Tra la Serbia e la Francia
Nato nel 1936 a Belgrado (all’epoca città jugoslava), Vladimir Veličkovic si laurea in Architettura della locale università. Si sposta quindi a Zagabria dove, tra il 1962 e il ’63, lavora nell’atelier del pittore croato Krsto Hegedusic.
Proprio nel 1963 esordisce con una mostra personale alla Biennale di San Paolo del Brasile. Nel 1965 riceve il Premio della Biennale di Parigi e l’anno successivo si trasferisce nella capitale francese, dove tiene una personale al Museo d’Arte Moderna della Città (1970).

Nel 1972 rappresenta la Jugoslavia alla Biennale di Venezia. Dal 1983 al 2000 insegna all’Ecole nationale supérieure des Beaux-Arts di Parigi, ma non recide mai il suo legame con la madrepatria: nel 1985 viene nominato membro della Serbian Academy of Sciences and Arts (SANU), una tra le più importanti istituzioni accademiche del paese, che annovera tra i suoi associati premi nobel e studiosi di origine serba che si siano distinti nelle scienze o nelle arti.
Nel 2005 Veličković entra a far parte dell’Academie des Beaux-Arts di Parigi, diventando uno dei 12 membri della sezione Pittura.
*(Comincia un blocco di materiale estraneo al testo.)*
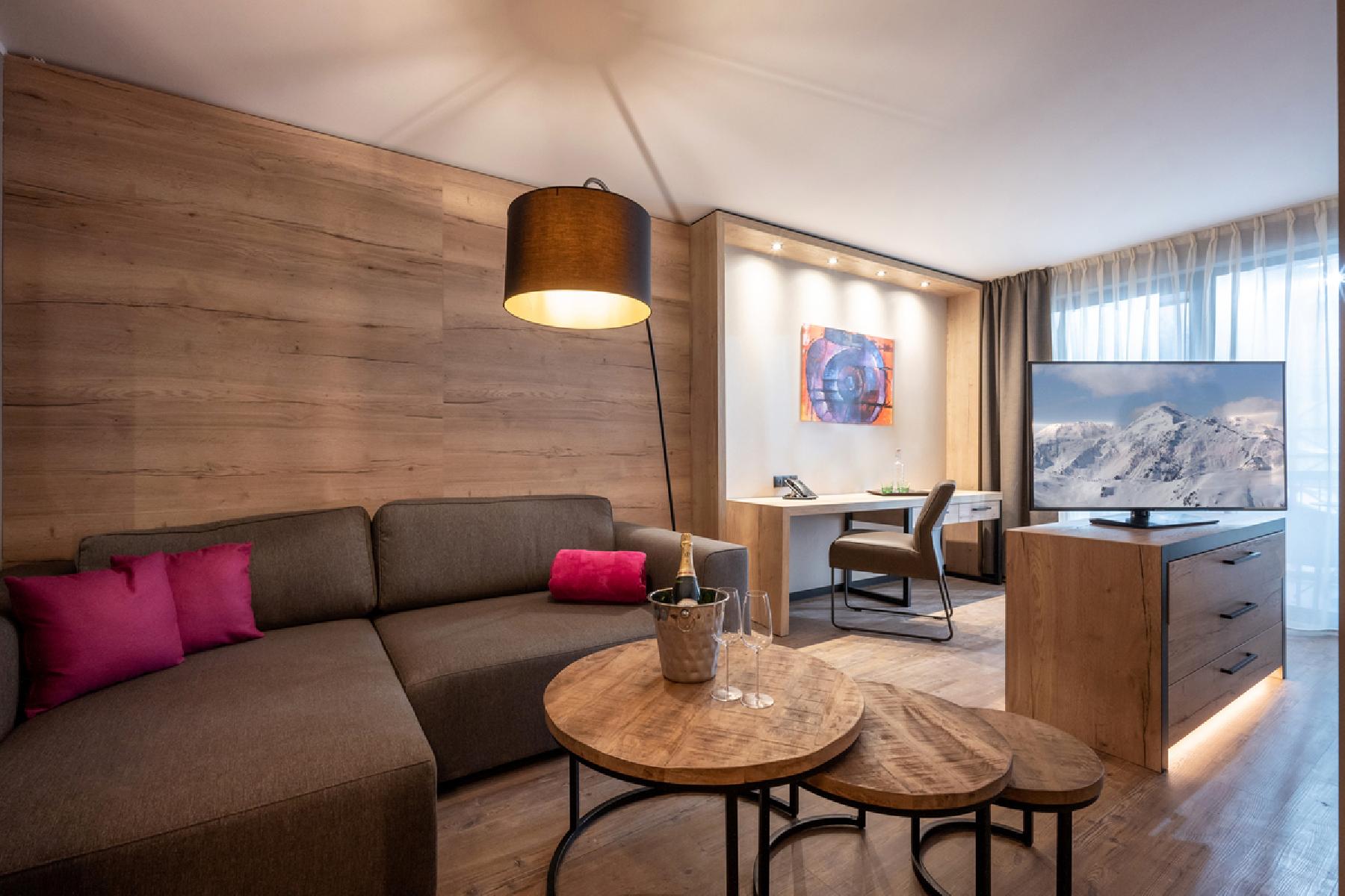 Die modernen und komfortablen Zimmer verfügen über einen Flat-Screen-TV, Telefon, Dusche, separates WC, Kosmetikspiegel, Nespresso Kaffeemaschine und Balkon oder Terrasse. Die Zimmer bestehen aus einem Schlafraum mit einem Boxspringbett, einem Einzelschlafsofa und einem Klappbett. Die durchschnittliche Zimmergröße beträgt ca. 30 m².

Riceve una delle più alte onoreficenze francesi, quella di Chevalier de la Legion d’Honneur e Commandeur des Arts et Lettres.
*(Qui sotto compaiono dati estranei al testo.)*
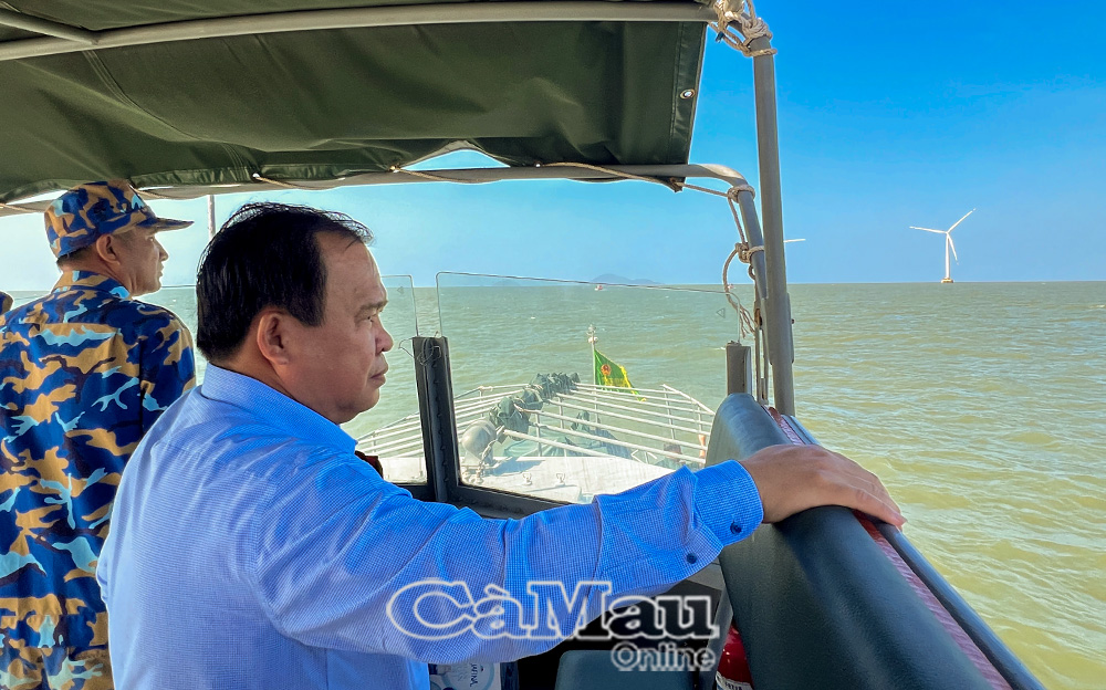 Đồng chí Nguyễn Minh Luân, Phó Chủ tịch UBND tỉnh, khảo sát tình hình an ninh và các dự án được triển khai trên biển.

Nel 2017, insieme ad altri artisti e intellettuali croati, serbi, bosniaci e montenegrini, firma la Declaration on the Common Language che ha lo scopo di contrastare i nazionalismi e la manipolazione politica del linguaggio nei paesi della ex-Jugoslavia.
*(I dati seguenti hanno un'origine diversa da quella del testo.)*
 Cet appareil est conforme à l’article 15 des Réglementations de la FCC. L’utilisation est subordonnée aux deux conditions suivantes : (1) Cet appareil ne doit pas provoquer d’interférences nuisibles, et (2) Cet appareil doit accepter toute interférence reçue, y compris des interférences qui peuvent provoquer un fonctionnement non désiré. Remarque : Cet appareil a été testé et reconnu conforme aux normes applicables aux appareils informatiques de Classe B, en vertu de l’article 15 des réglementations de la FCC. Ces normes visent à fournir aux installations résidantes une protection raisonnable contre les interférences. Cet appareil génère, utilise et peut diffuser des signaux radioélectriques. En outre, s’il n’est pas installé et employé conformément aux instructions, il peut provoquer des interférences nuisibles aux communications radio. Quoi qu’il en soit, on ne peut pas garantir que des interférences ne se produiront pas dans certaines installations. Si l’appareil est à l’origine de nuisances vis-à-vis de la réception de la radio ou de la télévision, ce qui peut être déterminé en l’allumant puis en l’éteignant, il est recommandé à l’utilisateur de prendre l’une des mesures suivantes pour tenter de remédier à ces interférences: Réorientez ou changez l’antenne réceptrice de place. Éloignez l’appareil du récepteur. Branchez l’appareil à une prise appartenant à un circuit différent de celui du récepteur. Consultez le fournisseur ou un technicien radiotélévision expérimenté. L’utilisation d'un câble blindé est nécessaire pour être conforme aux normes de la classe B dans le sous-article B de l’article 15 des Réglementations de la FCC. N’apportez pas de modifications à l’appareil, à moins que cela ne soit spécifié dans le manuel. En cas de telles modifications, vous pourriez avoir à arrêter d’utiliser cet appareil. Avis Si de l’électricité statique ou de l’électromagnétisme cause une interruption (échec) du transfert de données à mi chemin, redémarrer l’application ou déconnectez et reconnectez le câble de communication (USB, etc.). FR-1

Vladimir Vélickovic muore a Spalato nel 2019.
La poetica di Vladimir Veličkovic
Sin dai suoi esordi, Veličković dirige la sua ricerca artistica verso soggetti in movimento mentre si confrontano con situazioni drammatiche e spaventose.
Tra i suoi soggetti, oltre ad esseri umani, ricorrono spesso topi e cani, bloccati nel momento culminante dell’azione da coordinate, cifre, diagrammi di colore o misure di tempo e di spazio.
Le atrocità commesse dai nazisti nel suo paese, a cui ha assistito da bambino, si sublimano in singoli fotogrammi pittorici, in un attimo di brutalità e minaccia reso eterno.

La sua poetica evolve ulteriormente all’inizio degli anni Novanta, al principio della guerra che devasterà la penisola balcanica. Nelle sue opere compaiono insistentemente paesaggi desolati, popolati solo da corvi, fuochi, corpi straziati dagli orrori della guerra e continue allusioni simboliche alla crocifissione.
Nel corso della sua lunga vita Veličković espone in musei e gallerie internazionali e le sue opere figurano in numerose collezioni pubbliche e private, come la Tate Gallery di Londra,, lo Stedelijk Museum di Amsterdam, il Centre Pompidou di Parigi, il MOMA di New York, la Fondazione Maeght di Saint-Paul-de-Vence.
Per Bolaffi ha realizzato il Fante della serie delle Carte da Gioco e Animals in motion. Dog n. 9.